- [SUPPLIED INFORMATION]:
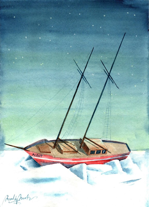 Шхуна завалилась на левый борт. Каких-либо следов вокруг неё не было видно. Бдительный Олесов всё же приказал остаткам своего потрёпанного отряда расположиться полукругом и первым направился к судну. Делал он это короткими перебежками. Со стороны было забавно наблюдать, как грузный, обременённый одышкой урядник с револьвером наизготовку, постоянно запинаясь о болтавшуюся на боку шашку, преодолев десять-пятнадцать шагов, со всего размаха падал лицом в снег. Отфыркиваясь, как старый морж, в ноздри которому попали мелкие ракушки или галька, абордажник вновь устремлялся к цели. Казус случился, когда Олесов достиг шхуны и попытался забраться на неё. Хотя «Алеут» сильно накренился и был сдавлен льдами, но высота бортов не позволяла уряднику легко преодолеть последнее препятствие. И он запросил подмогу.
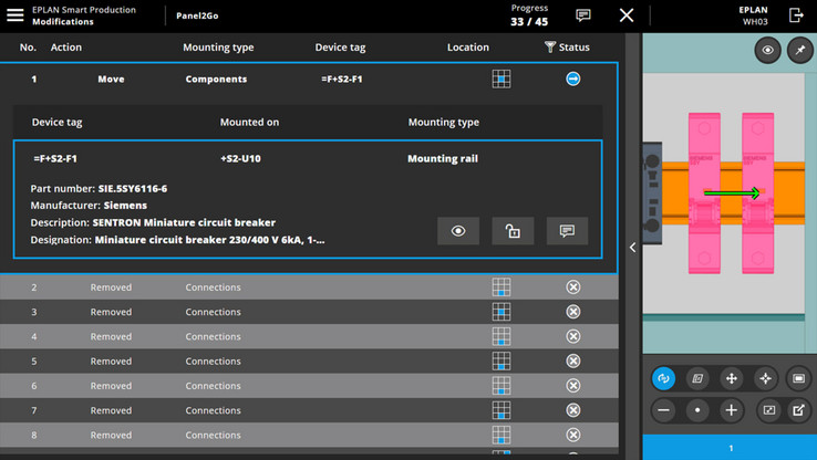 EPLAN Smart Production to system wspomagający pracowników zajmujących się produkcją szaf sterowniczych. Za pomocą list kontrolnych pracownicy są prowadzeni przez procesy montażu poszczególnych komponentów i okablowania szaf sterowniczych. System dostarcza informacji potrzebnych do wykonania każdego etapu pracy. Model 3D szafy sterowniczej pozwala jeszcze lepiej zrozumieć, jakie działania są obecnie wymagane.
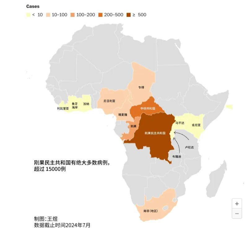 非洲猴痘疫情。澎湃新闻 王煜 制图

- [EXERCISE BRIEF]:
Hand back every line of the material, exactly, without the pictures.

- [OUTPUT BELOW]:
 Шхуна завалилась на левый борт. Каких-либо следов вокруг неё не было видно. Бдительный Олесов всё же приказал остаткам своего потрёпанного отряда расположиться полукругом и первым направился к судну. Делал он это короткими перебежками. Со стороны было забавно наблюдать, как грузный, обременённый одышкой урядник с револьвером наизготовку, постоянно запинаясь о болтавшуюся на боку шашку, преодолев десять-пятнадцать шагов, со всего размаха падал лицом в снег. Отфыркиваясь, как старый морж, в ноздри которому попали мелкие ракушки или галька, абордажник вновь устремлялся к цели. Казус случился, когда Олесов достиг шхуны и попытался забраться на неё. Хотя «Алеут» сильно накренился и был сдавлен льдами, но высота бортов не позволяла уряднику легко преодолеть последнее препятствие. И он запросил подмогу.
 EPLAN Smart Production to system wspomagający pracowników zajmujących się produkcją szaf sterowniczych. Za pomocą list kontrolnych pracownicy są prowadzeni przez procesy montażu poszczególnych komponentów i okablowania szaf sterowniczych. System dostarcza informacji potrzebnych do wykonania każdego etapu pracy. Model 3D szafy sterowniczej pozwala jeszcze lepiej zrozumieć, jakie działania są obecnie wymagane.
 非洲猴痘疫情。澎湃新闻 王煜 制图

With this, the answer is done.